Plotting the coordinates, drawing the within-radius adjacency edges in grey, and
colouring points by the derived group makes the transitive closure concrete:
S1–S2 and S2–S3 are each within the `1.5` radius, so all three share a group
even though S1 and S3 are `2` units apart and were never linked directly. Every
sample in the second cluster is likewise reachable from the others, while the
two clusters are far enough apart to stay separate:

```{r sp-plot, fig.width = 6.5, fig.height = 5}
sp_grp <- factor(sp_groups[coords$sample_id])
row_of <- setNames(seq_len(nrow(coords)), coords$sample_id)
from_i <- row_of[sub("^sample:", "", adj_edges$data$from)]
to_i   <- row_of[sub("^sample:", "", adj_edges$data$to)]
palette_sp <- c("#4C78A8", "#F58518")

plot(coords$x, coords$y, type = "n", asp = 1, xlab = "x", ylab = "y",
     main = "Spatial groups (radius = 1.5)")
segments(coords$x[from_i], coords$y[from_i],
         coords$x[to_i],   coords$y[to_i], col = "grey60", lwd = 2)
points(coords$x, coords$y, pch = 19, cex = 3.5, col = palette_sp[as.integer(sp_grp)])
text(coords$x, coords$y, labels = coords$sample_id, col = "white", cex = 0.8, font = 2)
legend("topleft", legend = levels(sp_grp), pch = 19,
       col = palette_sp[seq_along(levels(sp_grp))], title = "Spatial group", bty = "n")
```

# Deriving on a subset is leakage-safe

Real splits are derived on a *subset* of samples — the training rows, say. For
pairwise (and composite) modes this raises a subtle question: if a sample that
*bridges* two others is left out of the subset, could those two still inherit a
shared group from the full graph? They do not. When you pass `samples =`,
grouping is recomputed within that subset, so structure that exists only through
an excluded sample never leaks across the split.

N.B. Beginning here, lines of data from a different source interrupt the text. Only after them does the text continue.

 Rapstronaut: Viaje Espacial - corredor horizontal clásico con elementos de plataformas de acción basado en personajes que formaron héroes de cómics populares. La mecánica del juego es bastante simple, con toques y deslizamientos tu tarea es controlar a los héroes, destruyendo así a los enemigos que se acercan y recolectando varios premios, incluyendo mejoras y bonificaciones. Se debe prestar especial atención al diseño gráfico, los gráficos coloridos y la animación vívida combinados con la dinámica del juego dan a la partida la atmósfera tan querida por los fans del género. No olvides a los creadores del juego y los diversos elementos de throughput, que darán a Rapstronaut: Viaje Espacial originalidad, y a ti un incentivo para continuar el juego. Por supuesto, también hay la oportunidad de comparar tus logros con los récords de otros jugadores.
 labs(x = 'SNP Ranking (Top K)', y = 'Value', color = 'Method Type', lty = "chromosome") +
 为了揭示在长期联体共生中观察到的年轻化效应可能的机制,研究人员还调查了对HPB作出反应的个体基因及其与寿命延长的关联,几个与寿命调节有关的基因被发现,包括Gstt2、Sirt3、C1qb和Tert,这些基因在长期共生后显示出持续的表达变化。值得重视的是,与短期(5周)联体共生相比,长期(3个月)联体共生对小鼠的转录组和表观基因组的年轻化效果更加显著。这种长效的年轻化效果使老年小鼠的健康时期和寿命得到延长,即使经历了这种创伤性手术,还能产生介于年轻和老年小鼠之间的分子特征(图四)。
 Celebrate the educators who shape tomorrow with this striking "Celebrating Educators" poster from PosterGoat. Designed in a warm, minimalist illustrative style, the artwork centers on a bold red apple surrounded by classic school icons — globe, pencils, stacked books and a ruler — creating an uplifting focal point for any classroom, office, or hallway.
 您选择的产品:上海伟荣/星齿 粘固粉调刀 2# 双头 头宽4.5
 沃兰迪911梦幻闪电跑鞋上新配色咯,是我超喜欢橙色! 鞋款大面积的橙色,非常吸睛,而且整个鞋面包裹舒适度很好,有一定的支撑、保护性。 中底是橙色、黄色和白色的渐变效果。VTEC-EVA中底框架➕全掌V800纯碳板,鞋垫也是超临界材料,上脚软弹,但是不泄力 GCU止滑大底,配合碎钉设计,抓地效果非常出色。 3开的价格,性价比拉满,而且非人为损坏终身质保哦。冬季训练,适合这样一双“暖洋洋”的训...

The spatial chain makes this visible. S1 and S3 shared a group only because S2
bridged them; ask for S1 and S3 alone, and they correctly fall into separate
groups:

```{r subset-scoping}
grouping_vector(
  derive_split_constraints(g_sp, mode = "spatial", samples = c("S1", "S3"))
)
```

# Thresholds are inputs, not modeling

Because the threshold (kinship cutoff, spatial radius) is applied up front in the
edge-building helpers, it is a *derivation input*, not a modeling choice:
`splitGraph` forms groups over whatever edges survive and never computes folds
itself. The resulting `split_spec` is handed to a downstream consumer for
execution, exactly as with every other mode — see the *adapter-cookbook* and
*cross-language-handoff* vignettes for that step.